WORK REQUEST —
Print the records below exactly, from the line containing "馬年行大運吊飾活動分組進行,小朋友用輕黏" down to the line containing "Na Rokycansku na", both lines included, and omit every picture.

Records contained in a dataset
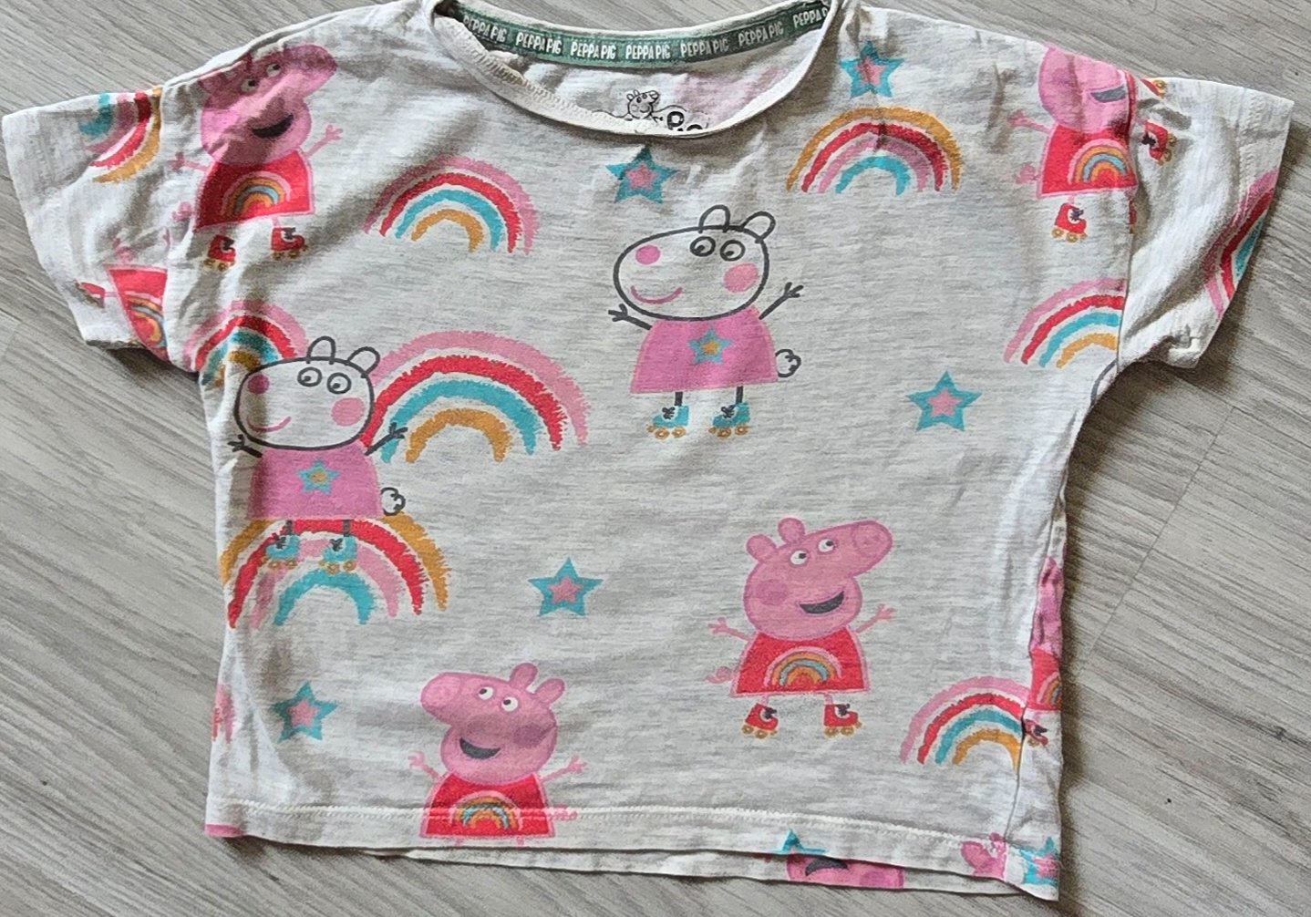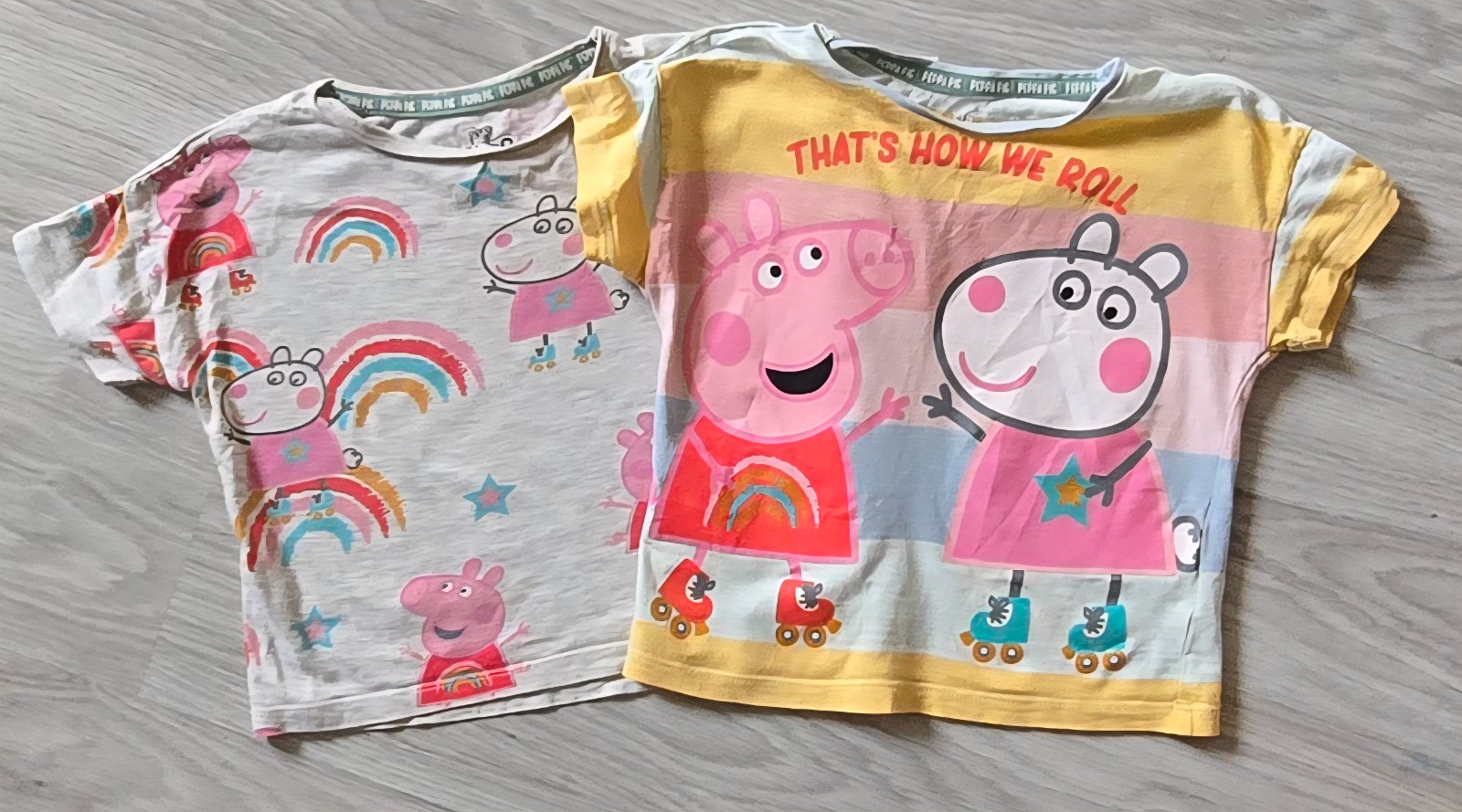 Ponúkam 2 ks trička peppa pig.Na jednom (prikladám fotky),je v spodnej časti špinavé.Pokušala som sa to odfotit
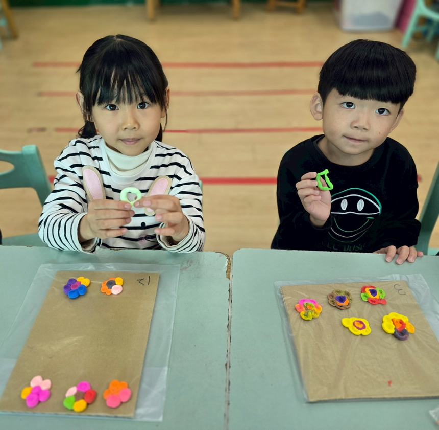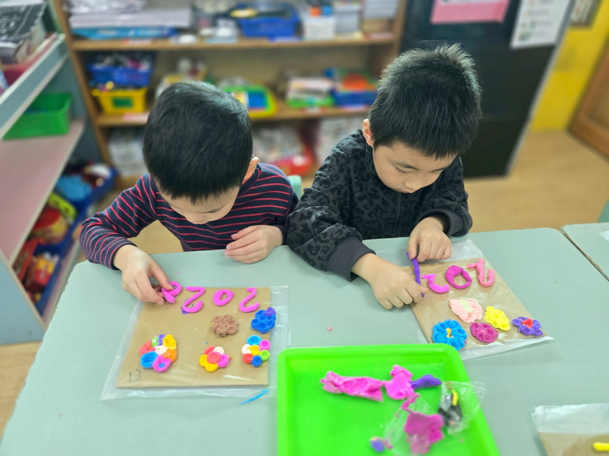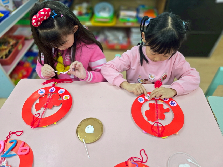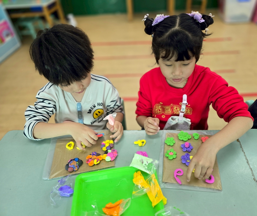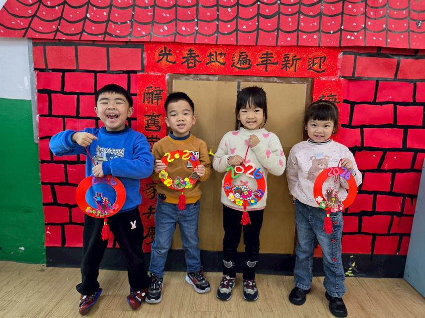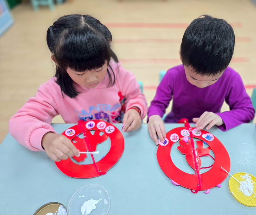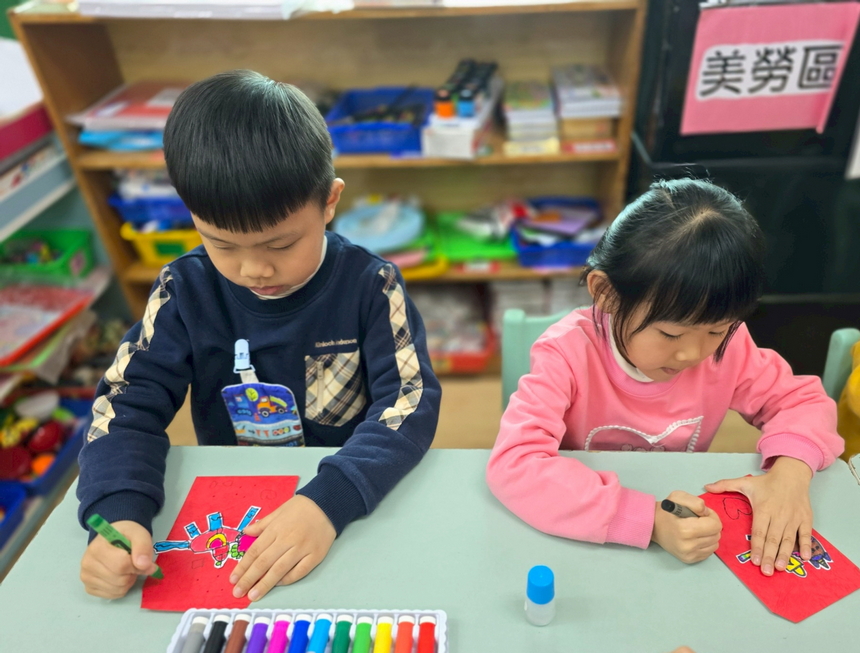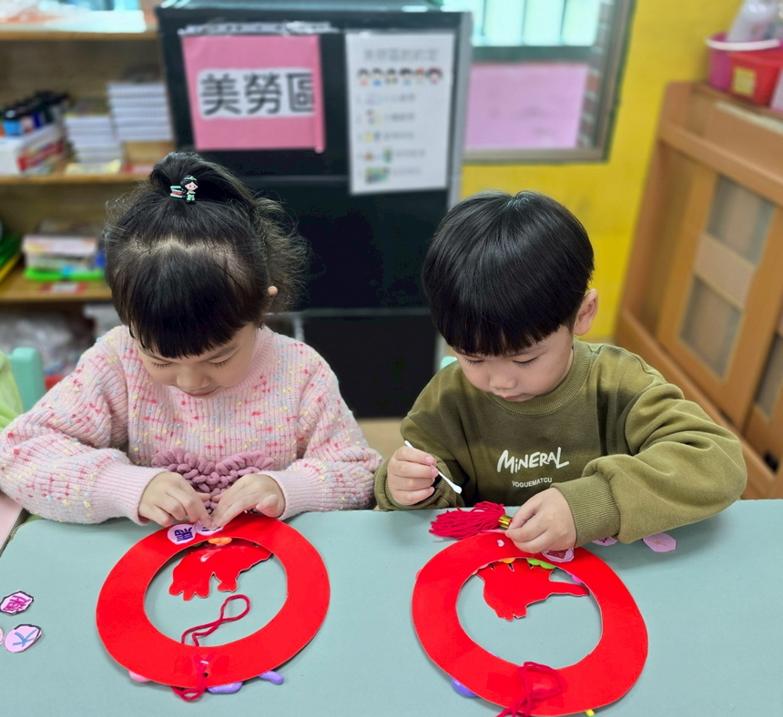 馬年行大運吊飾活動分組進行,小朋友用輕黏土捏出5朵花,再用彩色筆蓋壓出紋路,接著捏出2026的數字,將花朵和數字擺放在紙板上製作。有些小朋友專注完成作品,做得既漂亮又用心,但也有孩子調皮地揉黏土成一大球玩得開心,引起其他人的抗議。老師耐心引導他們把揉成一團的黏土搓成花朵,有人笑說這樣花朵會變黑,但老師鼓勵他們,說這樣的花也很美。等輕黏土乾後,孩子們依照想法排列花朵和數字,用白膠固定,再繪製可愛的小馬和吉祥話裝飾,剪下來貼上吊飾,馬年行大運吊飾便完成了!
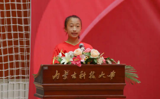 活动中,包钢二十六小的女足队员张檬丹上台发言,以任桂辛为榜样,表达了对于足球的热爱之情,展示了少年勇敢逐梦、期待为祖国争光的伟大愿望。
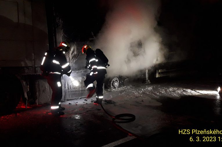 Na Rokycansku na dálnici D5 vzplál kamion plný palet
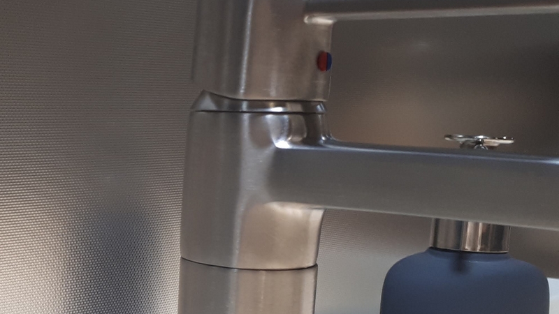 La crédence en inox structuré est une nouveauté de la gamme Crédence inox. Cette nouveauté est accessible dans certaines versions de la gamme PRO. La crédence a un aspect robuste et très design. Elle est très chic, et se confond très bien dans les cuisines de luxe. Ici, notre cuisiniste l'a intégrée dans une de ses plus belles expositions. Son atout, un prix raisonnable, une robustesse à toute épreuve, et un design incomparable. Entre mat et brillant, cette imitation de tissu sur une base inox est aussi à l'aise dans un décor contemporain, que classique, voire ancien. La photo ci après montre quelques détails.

THE ANSWER —
 馬年行大運吊飾活動分組進行,小朋友用輕黏土捏出5朵花,再用彩色筆蓋壓出紋路,接著捏出2026的數字,將花朵和數字擺放在紙板上製作。有些小朋友專注完成作品,做得既漂亮又用心,但也有孩子調皮地揉黏土成一大球玩得開心,引起其他人的抗議。老師耐心引導他們把揉成一團的黏土搓成花朵,有人笑說這樣花朵會變黑,但老師鼓勵他們,說這樣的花也很美。等輕黏土乾後,孩子們依照想法排列花朵和數字,用白膠固定,再繪製可愛的小馬和吉祥話裝飾,剪下來貼上吊飾,馬年行大運吊飾便完成了!
 活动中,包钢二十六小的女足队员张檬丹上台发言,以任桂辛为榜样,表达了对于足球的热爱之情,展示了少年勇敢逐梦、期待为祖国争光的伟大愿望。
 Na Rokycansku na dálnici D5 vzplál kamion plný palet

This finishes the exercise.